> **Task**
With the images excluded, set down every line of the listing below exactly.

> **Material for the task**
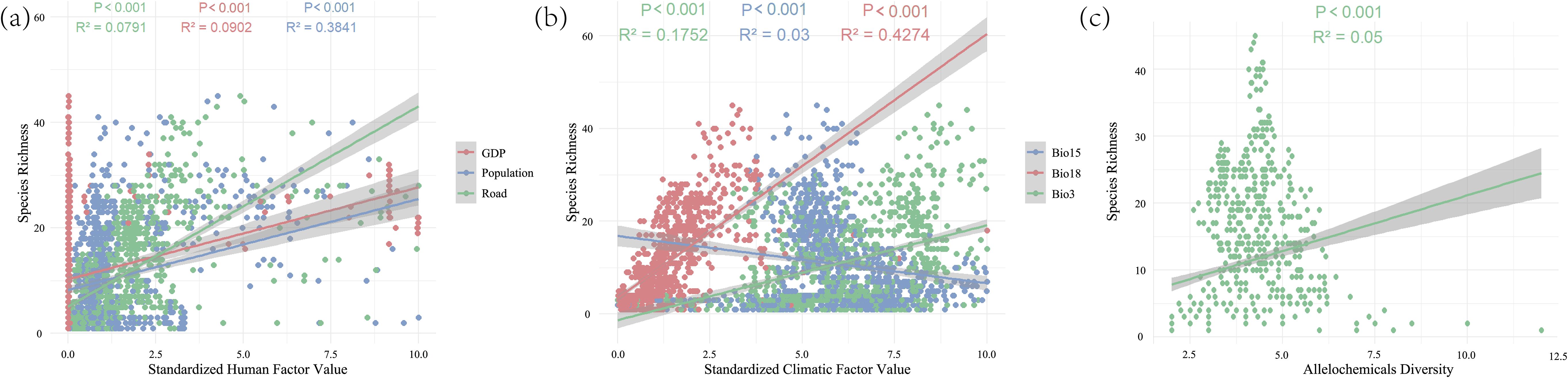 Figure 3. Ordinary least square regression results showing the effects of climatic, human, and allelochemical drivers on SR. (a) The human factor in SR regression; (b) The climatic factor in SR regression; (c) The allelochemicals in SR regression. R² represents the goodness of fit of a regression model to observed data, with values closer to 1 indicate a stronger model fit. Significance levels: *P < 0.05; **P < 0.01; ***P < 0.001. Human and climatic variables were standardized prior to analysis. Bio3: isothermality, Bio15: precipitation seasonality, and Bio18: precipitation of warmest quarter.
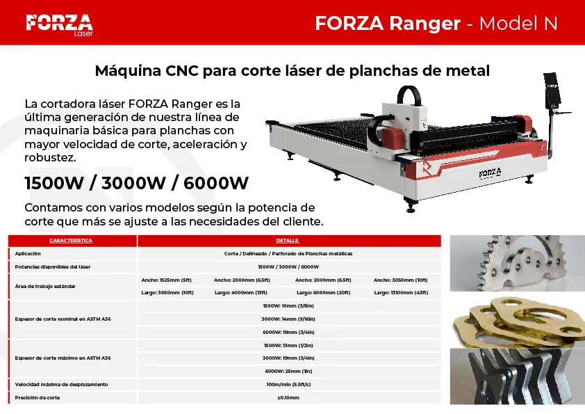 La potencia para cortar metal puede variar según el tipo de aplicación y la cortadora láser de metal que se esté implementando, sin embargo, la máquina de corte láser FORZA ONE utiliza una potencia de 1500 W y un voltaje de trabajo de 220 V monofásico.
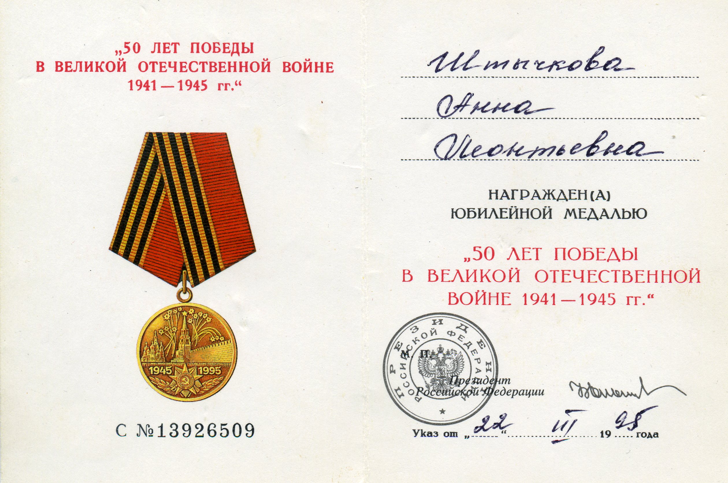 ШТЫЧКОВА АННА ЛЕОНТЬЕВНА
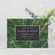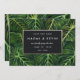 Um design ousado e fresco com palmeiras pintadas e borda falsa de ouro para um tema de verão e casamento tropical.
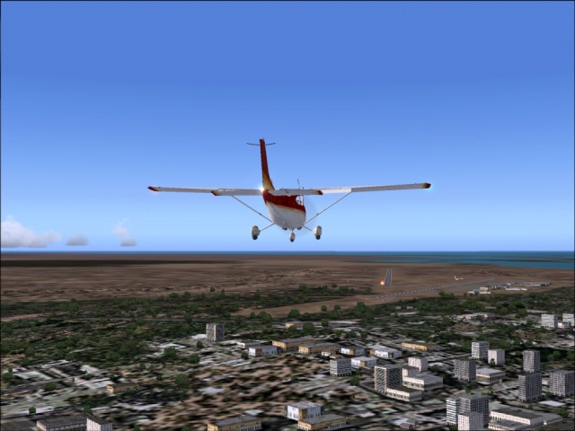 Today's was a very short flight. I was glad to finally break away from the "weekend only" mode and start flying more often. Partially that is because I will take a break this coming weekend and not fly at all, so I will try to complete few legs this week, before I leave town. The exciting thing is that this flight will put me over the one half of my trip around the world. As a matter of fact, half way to Luanda, I will cross the half way point (by number of legs, not by distance). I am actually not sure where would the one half point by distance be. I started very early local time (4 am local, 9 pm Salt Lake City time) so it was still dark. I did get to enjoy the great sunrise during my today's flight, which also means that the approach and landing were done during the daylight. Not too bad. After taking off, I climbed to 6,500 ft. which was the altitude suggested by the flight plan generator and that seemed reasonable to me. The heading of 212 took me straight from Kinshasa to Luanda. There were no scenic detours or sightseeing this time. |
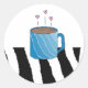 Eine dampfende Tasse Kaffee mit kleinen Herzen auf zebrafarbenem Fell-Hintergrund.
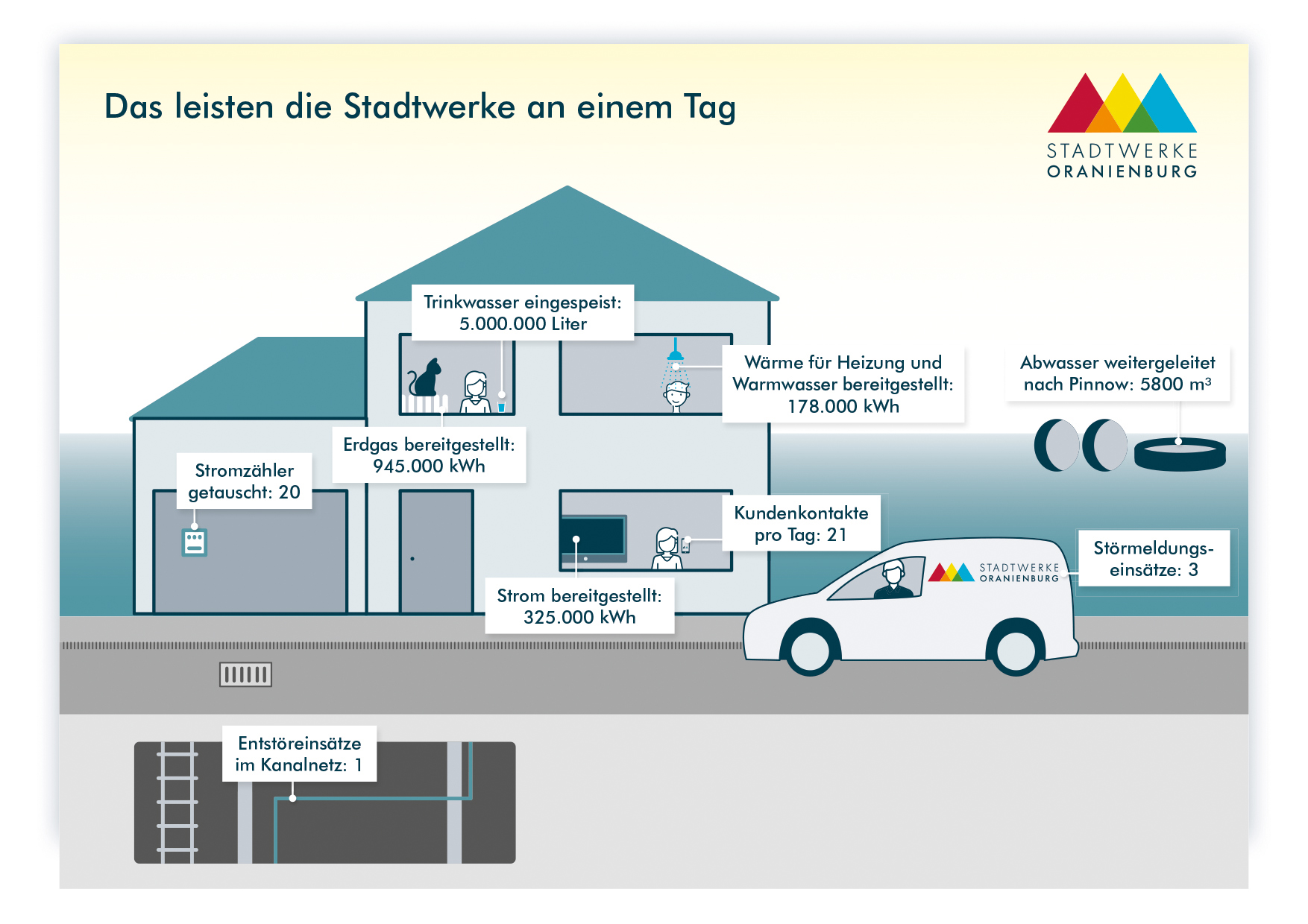 Auf eine Konstante kann sich jeder Oranienburger verlassen: die Versorgung mit Strom, Erdgas, Trinkwasser, Wärme und die Entsorgung von Abwasser. Gerade in Situationen wie sie dieses Jahr herrschen, steigt der Anspruch an die Stadtwerke als Betreiber kritischer Infrastrukturen. Die Stadtwerke Oranienburg nehmen diese Verantwortung, für die Stadt und seine Einwohner, wahr – 365 Tage im Jahr, 24 Stunden am Tag.

> **Final answer**
 Figure 3. Ordinary least square regression results showing the effects of climatic, human, and allelochemical drivers on SR. (a) The human factor in SR regression; (b) The climatic factor in SR regression; (c) The allelochemicals in SR regression. R² represents the goodness of fit of a regression model to observed data, with values closer to 1 indicate a stronger model fit. Significance levels: *P < 0.05; **P < 0.01; ***P < 0.001. Human and climatic variables were standardized prior to analysis. Bio3: isothermality, Bio15: precipitation seasonality, and Bio18: precipitation of warmest quarter.
 La potencia para cortar metal puede variar según el tipo de aplicación y la cortadora láser de metal que se esté implementando, sin embargo, la máquina de corte láser FORZA ONE utiliza una potencia de 1500 W y un voltaje de trabajo de 220 V monofásico.
 ШТЫЧКОВА АННА ЛЕОНТЬЕВНА
 Um design ousado e fresco com palmeiras pintadas e borda falsa de ouro para um tema de verão e casamento tropical.
 Today's was a very short flight. I was glad to finally break away from the "weekend only" mode and start flying more often. Partially that is because I will take a break this coming weekend and not fly at all, so I will try to complete few legs this week, before I leave town. The exciting thing is that this flight will put me over the one half of my trip around the world. As a matter of fact, half way to Luanda, I will cross the half way point (by number of legs, not by distance). I am actually not sure where would the one half point by distance be. I started very early local time (4 am local, 9 pm Salt Lake City time) so it was still dark. I did get to enjoy the great sunrise during my today's flight, which also means that the approach and landing were done during the daylight. Not too bad. After taking off, I climbed to 6,500 ft. which was the altitude suggested by the flight plan generator and that seemed reasonable to me. The heading of 212 took me straight from Kinshasa to Luanda. There were no scenic detours or sightseeing this time. |
 Eine dampfende Tasse Kaffee mit kleinen Herzen auf zebrafarbenem Fell-Hintergrund.
 Auf eine Konstante kann sich jeder Oranienburger verlassen: die Versorgung mit Strom, Erdgas, Trinkwasser, Wärme und die Entsorgung von Abwasser. Gerade in Situationen wie sie dieses Jahr herrschen, steigt der Anspruch an die Stadtwerke als Betreiber kritischer Infrastrukturen. Die Stadtwerke Oranienburg nehmen diese Verantwortung, für die Stadt und seine Einwohner, wahr – 365 Tage im Jahr, 24 Stunden am Tag.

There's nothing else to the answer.